** Opening Available data block **

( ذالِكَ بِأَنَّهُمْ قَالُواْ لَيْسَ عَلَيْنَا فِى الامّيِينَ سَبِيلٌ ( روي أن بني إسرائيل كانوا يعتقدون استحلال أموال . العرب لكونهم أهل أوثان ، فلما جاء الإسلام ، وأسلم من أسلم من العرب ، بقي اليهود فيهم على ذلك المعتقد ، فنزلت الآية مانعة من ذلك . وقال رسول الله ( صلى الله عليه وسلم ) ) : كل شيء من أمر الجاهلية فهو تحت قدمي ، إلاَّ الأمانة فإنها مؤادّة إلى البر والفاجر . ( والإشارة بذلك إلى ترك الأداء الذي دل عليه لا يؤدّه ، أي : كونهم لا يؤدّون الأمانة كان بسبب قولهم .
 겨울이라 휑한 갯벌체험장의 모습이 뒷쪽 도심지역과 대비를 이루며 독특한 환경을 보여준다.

** Closing Available data block **
** Opening Available data block **

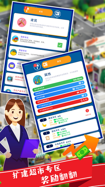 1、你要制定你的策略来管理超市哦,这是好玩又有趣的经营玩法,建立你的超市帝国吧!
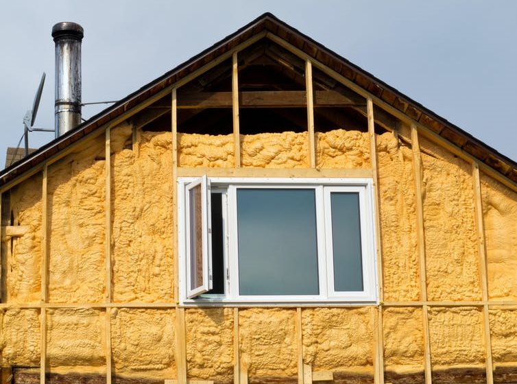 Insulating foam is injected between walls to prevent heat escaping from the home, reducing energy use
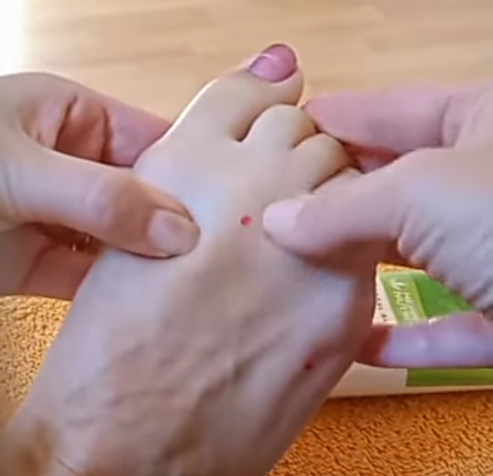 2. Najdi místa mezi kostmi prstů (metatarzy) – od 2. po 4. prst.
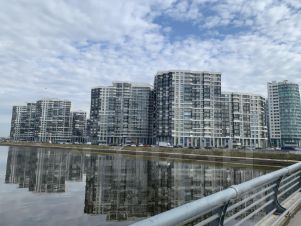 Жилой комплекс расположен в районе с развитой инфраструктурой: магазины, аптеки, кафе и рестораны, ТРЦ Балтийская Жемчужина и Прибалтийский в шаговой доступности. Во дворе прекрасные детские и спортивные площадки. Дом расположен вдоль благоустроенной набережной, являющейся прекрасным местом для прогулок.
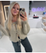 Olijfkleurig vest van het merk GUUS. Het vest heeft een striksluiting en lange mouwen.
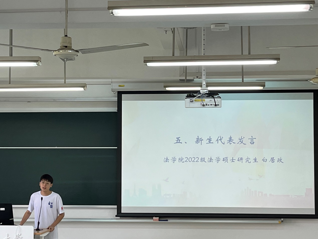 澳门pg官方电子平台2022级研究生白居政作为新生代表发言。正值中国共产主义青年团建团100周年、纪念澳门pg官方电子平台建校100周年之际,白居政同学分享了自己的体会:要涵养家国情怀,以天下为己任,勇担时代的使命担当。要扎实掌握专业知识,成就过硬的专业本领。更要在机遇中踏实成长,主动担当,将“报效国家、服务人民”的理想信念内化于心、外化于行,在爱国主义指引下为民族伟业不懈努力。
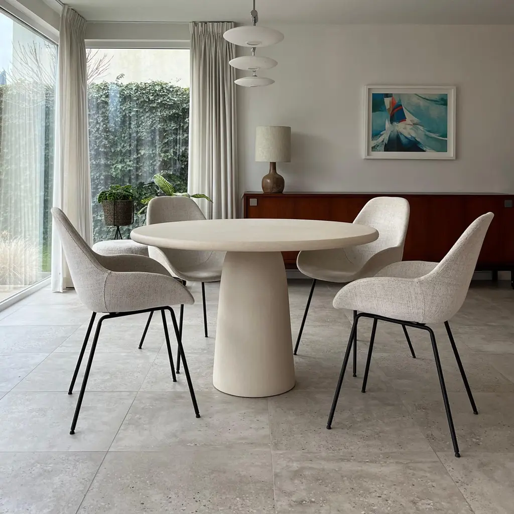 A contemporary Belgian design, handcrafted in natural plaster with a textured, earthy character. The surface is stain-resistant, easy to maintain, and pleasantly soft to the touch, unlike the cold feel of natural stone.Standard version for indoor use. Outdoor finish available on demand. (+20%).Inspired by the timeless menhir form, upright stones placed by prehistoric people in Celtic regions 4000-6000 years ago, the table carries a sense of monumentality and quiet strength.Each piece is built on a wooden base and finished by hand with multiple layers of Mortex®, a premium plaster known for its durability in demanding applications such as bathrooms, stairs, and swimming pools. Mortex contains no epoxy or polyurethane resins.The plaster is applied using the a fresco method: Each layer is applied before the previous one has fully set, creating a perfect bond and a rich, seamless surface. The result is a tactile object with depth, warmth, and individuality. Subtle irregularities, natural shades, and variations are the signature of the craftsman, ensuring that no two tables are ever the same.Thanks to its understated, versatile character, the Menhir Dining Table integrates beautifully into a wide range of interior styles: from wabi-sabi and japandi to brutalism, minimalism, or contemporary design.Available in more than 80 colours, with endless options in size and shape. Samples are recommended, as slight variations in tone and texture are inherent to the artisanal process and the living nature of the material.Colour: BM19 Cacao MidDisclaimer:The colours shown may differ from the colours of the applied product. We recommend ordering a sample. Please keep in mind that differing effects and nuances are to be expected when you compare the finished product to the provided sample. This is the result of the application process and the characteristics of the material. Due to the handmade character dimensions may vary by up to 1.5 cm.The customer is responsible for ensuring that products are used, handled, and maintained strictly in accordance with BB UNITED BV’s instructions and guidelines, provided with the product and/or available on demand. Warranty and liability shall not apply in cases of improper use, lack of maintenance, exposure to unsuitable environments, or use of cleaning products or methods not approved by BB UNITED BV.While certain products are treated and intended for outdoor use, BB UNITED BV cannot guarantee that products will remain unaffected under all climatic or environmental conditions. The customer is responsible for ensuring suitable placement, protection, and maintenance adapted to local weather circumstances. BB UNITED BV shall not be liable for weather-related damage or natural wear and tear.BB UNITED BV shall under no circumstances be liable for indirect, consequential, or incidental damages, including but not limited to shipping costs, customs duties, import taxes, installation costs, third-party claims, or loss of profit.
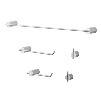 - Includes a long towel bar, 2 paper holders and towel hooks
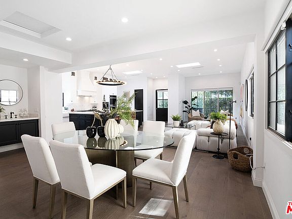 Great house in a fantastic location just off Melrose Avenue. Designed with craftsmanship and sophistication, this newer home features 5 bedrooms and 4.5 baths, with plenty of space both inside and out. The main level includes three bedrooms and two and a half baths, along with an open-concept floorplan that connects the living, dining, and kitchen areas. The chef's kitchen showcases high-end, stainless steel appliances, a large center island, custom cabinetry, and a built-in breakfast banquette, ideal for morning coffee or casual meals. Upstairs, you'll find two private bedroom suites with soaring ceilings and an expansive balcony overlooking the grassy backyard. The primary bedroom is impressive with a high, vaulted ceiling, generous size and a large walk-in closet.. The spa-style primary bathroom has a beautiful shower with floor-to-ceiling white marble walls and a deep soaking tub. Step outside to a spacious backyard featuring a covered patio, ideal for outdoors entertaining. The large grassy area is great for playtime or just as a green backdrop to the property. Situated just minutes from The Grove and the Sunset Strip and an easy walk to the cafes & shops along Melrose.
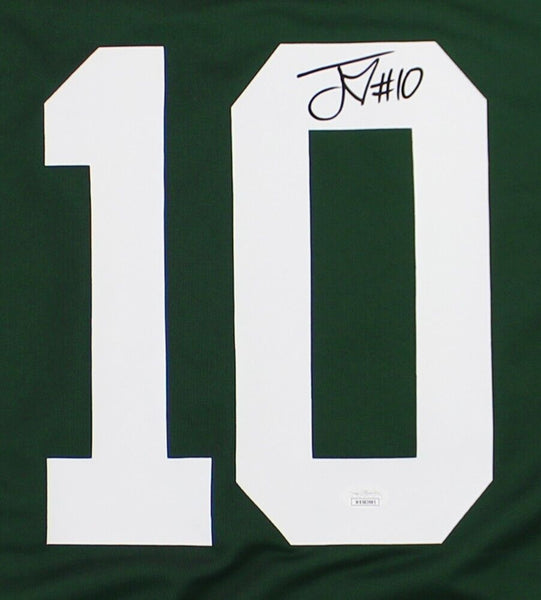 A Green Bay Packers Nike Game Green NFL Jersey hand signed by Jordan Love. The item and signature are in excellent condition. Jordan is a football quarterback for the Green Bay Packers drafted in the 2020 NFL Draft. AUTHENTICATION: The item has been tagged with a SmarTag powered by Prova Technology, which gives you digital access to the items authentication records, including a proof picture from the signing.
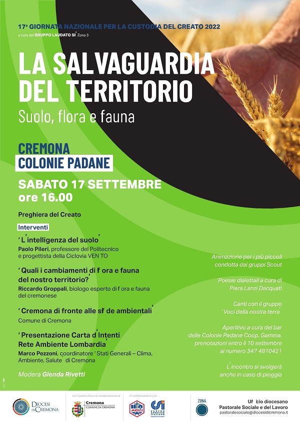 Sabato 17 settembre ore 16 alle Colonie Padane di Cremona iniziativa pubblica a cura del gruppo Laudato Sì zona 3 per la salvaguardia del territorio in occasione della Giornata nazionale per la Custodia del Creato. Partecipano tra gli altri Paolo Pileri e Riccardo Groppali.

** Closing Available data block **
** Opening Available data block **

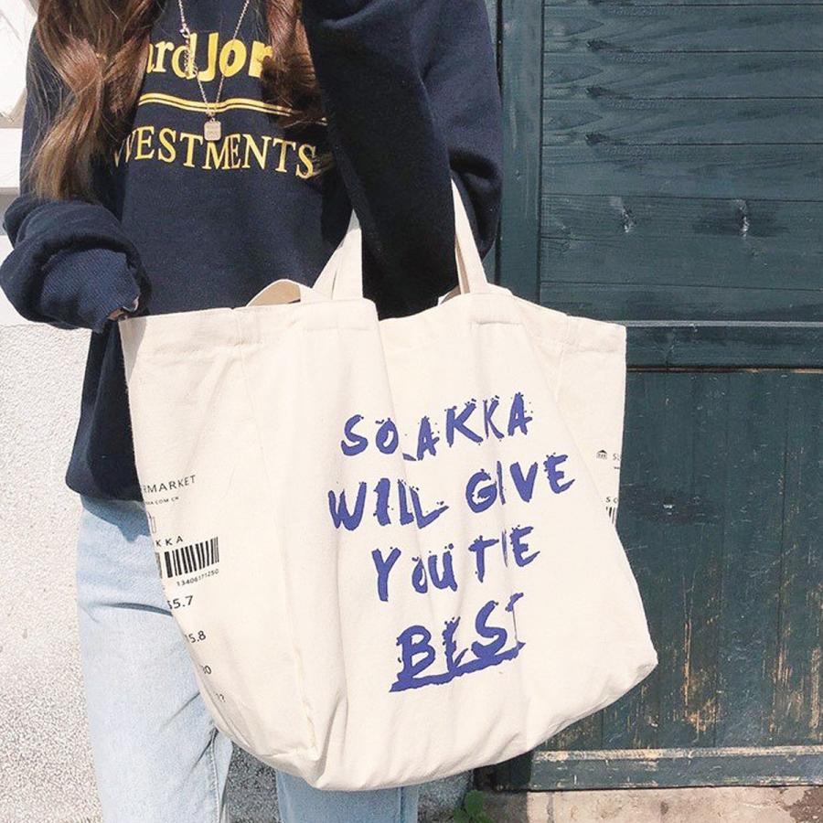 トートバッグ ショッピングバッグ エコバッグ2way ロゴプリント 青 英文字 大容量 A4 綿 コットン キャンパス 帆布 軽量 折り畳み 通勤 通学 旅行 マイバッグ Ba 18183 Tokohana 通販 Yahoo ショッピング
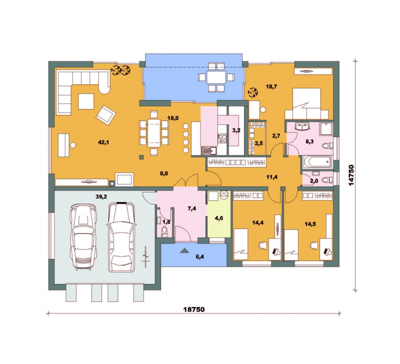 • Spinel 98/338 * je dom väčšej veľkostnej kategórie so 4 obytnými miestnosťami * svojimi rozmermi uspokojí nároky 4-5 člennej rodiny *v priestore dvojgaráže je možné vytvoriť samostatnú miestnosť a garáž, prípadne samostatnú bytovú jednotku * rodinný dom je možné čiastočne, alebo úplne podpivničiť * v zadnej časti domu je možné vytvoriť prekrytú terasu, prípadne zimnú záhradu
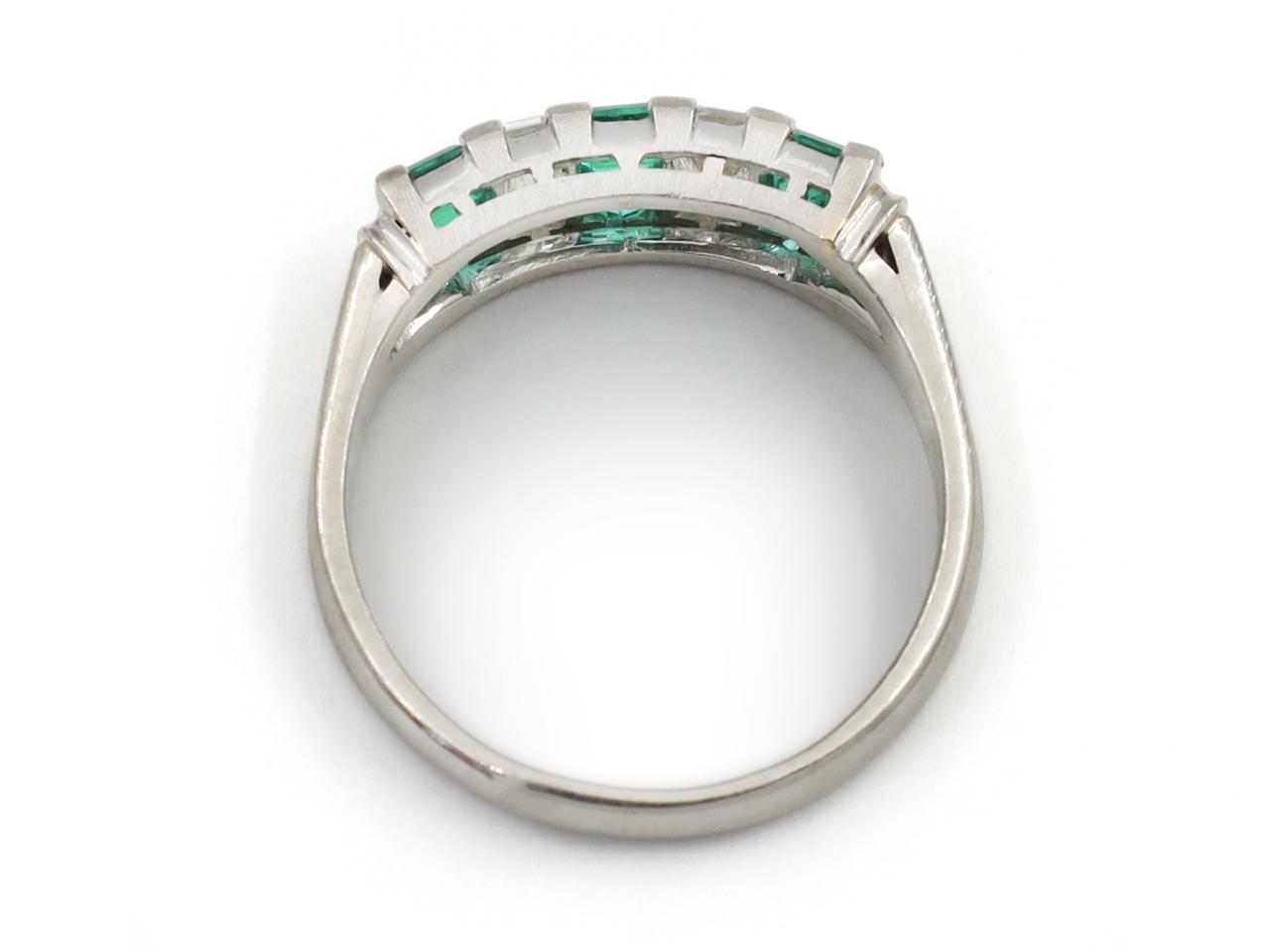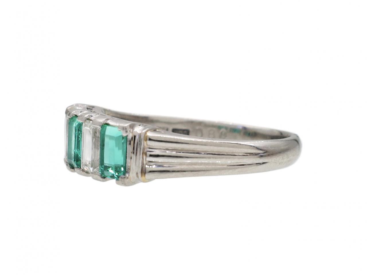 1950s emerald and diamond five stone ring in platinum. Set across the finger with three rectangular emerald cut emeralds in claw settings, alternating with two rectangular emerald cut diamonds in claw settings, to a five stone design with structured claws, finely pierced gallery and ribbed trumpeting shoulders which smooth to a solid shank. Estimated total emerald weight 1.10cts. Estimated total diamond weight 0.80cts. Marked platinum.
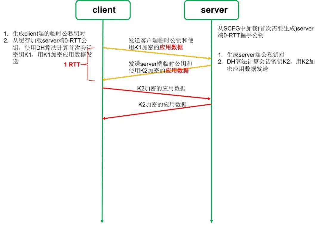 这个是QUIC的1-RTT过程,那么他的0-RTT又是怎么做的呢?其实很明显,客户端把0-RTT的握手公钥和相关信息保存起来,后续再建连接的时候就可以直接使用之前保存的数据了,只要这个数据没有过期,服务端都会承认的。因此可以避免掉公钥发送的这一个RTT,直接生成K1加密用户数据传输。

** Closing Available data block **

- _What is required_
Leave out every line above except those from the line with "( ذالِكَ بِأَنَّهُمْ" up to and including the line with "겨울이라 휑한 갯벌체험장의", and copy those exactly.

- _Exercise result_
( ذالِكَ بِأَنَّهُمْ قَالُواْ لَيْسَ عَلَيْنَا فِى الامّيِينَ سَبِيلٌ ( روي أن بني إسرائيل كانوا يعتقدون استحلال أموال . العرب لكونهم أهل أوثان ، فلما جاء الإسلام ، وأسلم من أسلم من العرب ، بقي اليهود فيهم على ذلك المعتقد ، فنزلت الآية مانعة من ذلك . وقال رسول الله ( صلى الله عليه وسلم ) ) : كل شيء من أمر الجاهلية فهو تحت قدمي ، إلاَّ الأمانة فإنها مؤادّة إلى البر والفاجر . ( والإشارة بذلك إلى ترك الأداء الذي دل عليه لا يؤدّه ، أي : كونهم لا يؤدّون الأمانة كان بسبب قولهم .
 겨울이라 휑한 갯벌체험장의 모습이 뒷쪽 도심지역과 대비를 이루며 독특한 환경을 보여준다.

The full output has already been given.